**Task description:**
Using the data below, transcribe exactly everything from the line that contains "Kısa Kol Gipeli Desenli Elbise 2549 MAVİ" down to the line that contains "新時代文明實踐誌願服務隊成員在紮拉村農(nong) 家書(shu) 屋輔導孩子閱讀書(shu)". Include both of those lines and none of the pictures.

**Study material:**
►

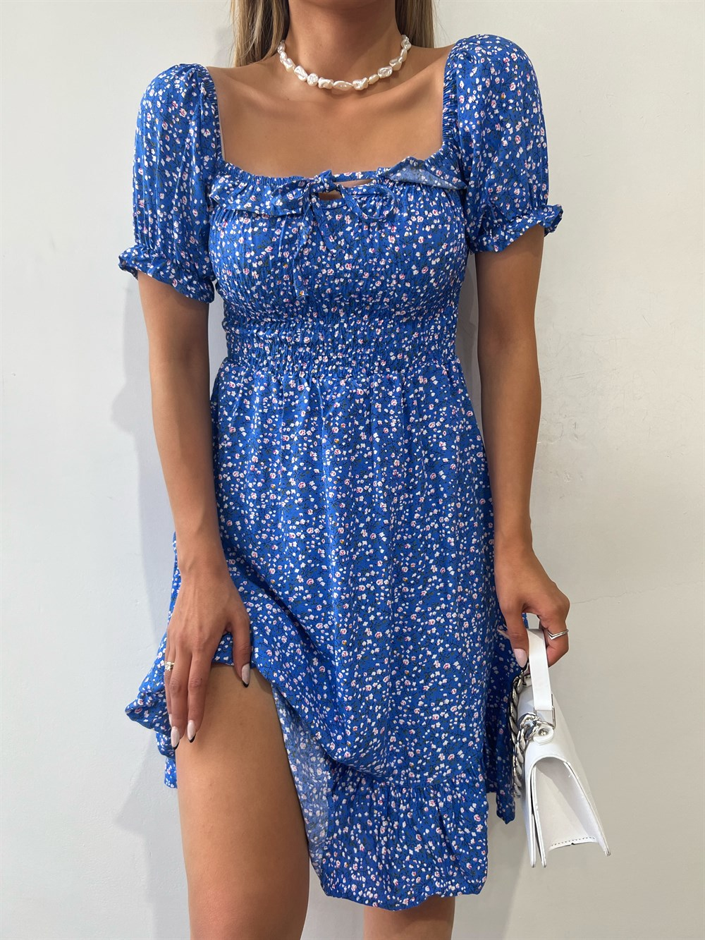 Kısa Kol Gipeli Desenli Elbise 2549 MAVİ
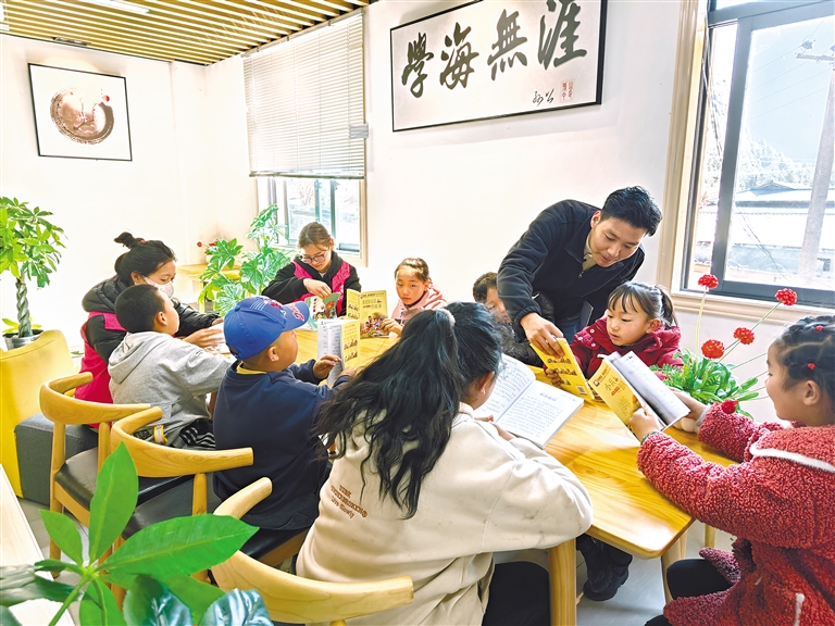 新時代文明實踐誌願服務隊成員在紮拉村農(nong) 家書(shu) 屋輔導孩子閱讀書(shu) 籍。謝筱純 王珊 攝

◄
►

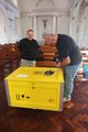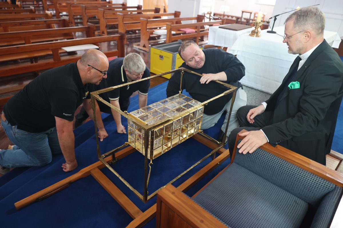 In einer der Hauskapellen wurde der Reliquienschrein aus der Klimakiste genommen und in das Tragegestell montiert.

◄
►

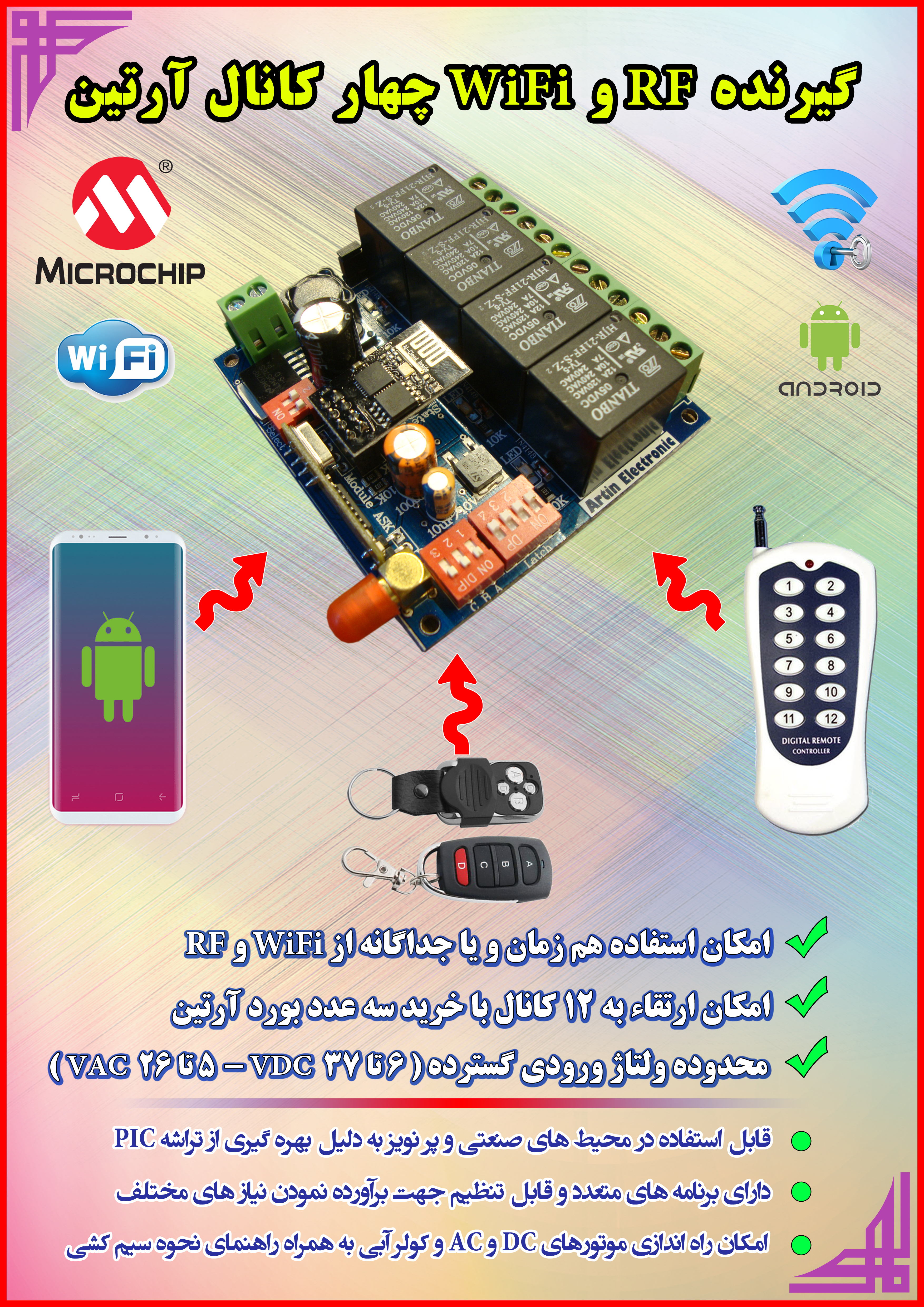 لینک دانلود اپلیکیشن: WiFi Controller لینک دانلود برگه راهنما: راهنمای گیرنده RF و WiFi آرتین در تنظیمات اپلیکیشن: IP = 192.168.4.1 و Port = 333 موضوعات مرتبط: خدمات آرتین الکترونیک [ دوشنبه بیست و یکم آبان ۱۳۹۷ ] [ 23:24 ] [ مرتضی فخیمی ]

◄

**Result:**
 Kısa Kol Gipeli Desenli Elbise 2549 MAVİ
 新時代文明實踐誌願服務隊成員在紮拉村農(nong) 家書(shu) 屋輔導孩子閱讀書(shu) 籍。謝筱純 王珊 攝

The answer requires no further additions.